Data extract:
»»

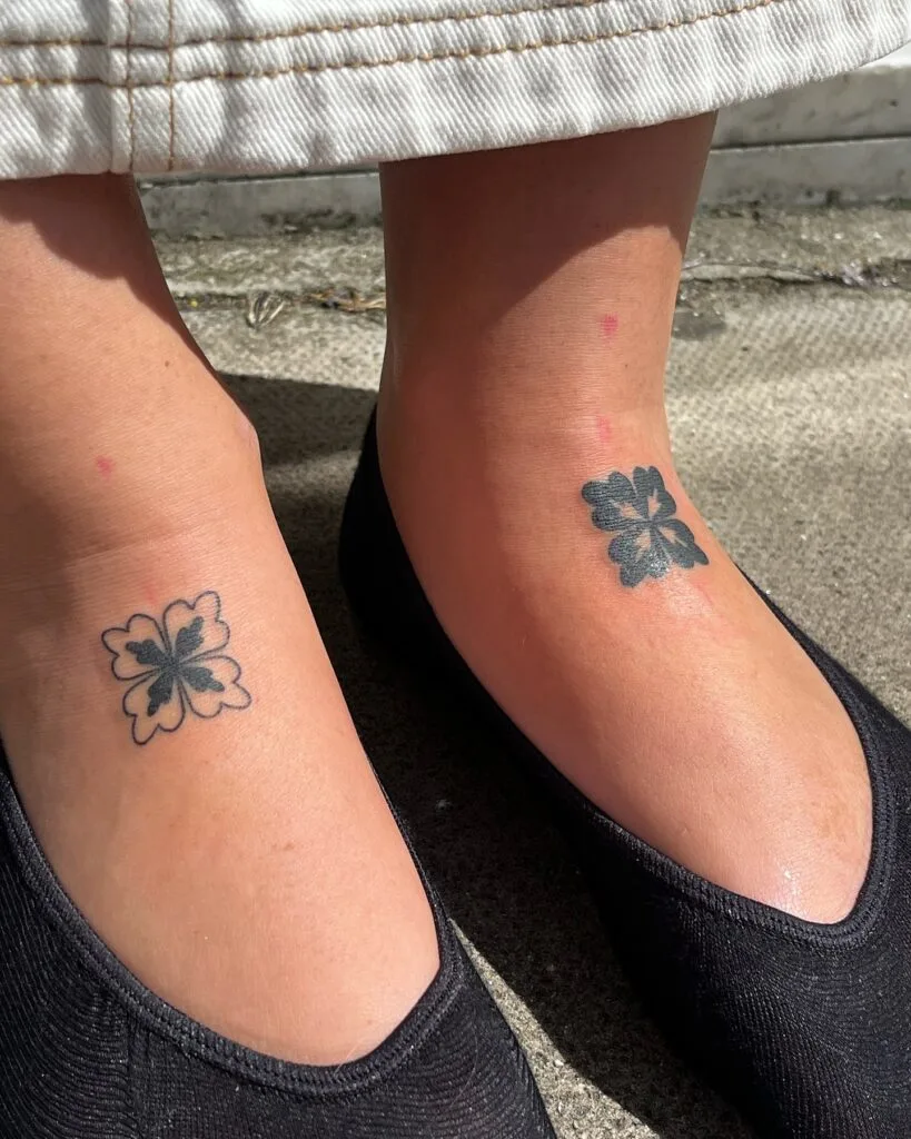 Matching Clover-Inspired Ankle Stick and Poke Tattoos
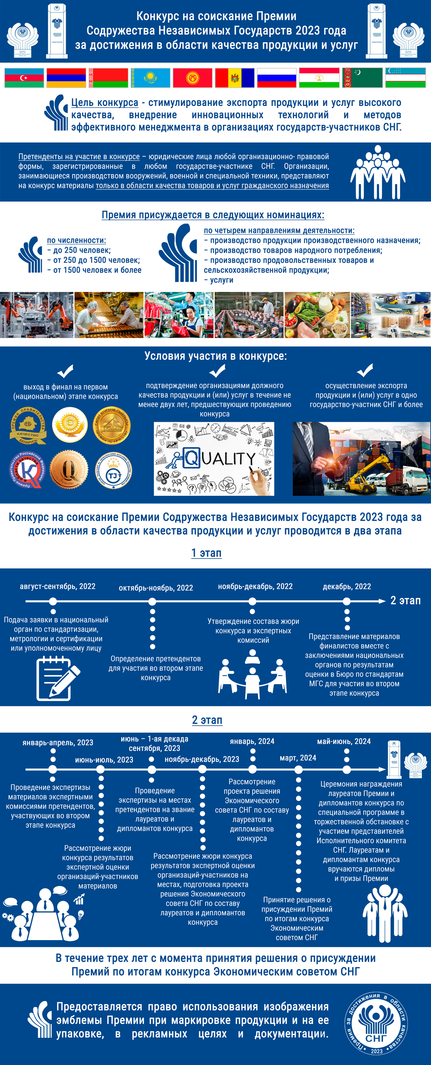 Решение о конкурсе на соискание Премии Содружества Независимых Государств 2025 года за достижения в области качества продукции и услуг принято на 65-м заседании Межгосударственного совета по стандартизации, метрологии и сертификации, состоявшемся 20-21 июня 2024 года.
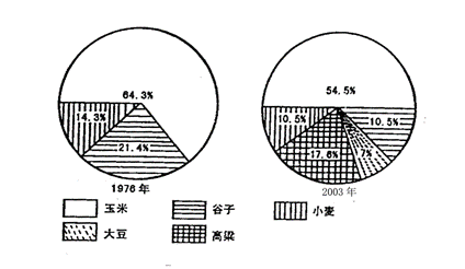 118.1976年相比,该地2003年小麦构成比重下降(D)。

««

Task to carry out:
Please reproduce the listing exactly, leaving out any pictures.

Solution to this problem:
 Matching Clover-Inspired Ankle Stick and Poke Tattoos
 Решение о конкурсе на соискание Премии Содружества Независимых Государств 2025 года за достижения в области качества продукции и услуг принято на 65-м заседании Межгосударственного совета по стандартизации, метрологии и сертификации, состоявшемся 20-21 июня 2024 года.
 118.1976年相比,该地2003年小麦构成比重下降(D)。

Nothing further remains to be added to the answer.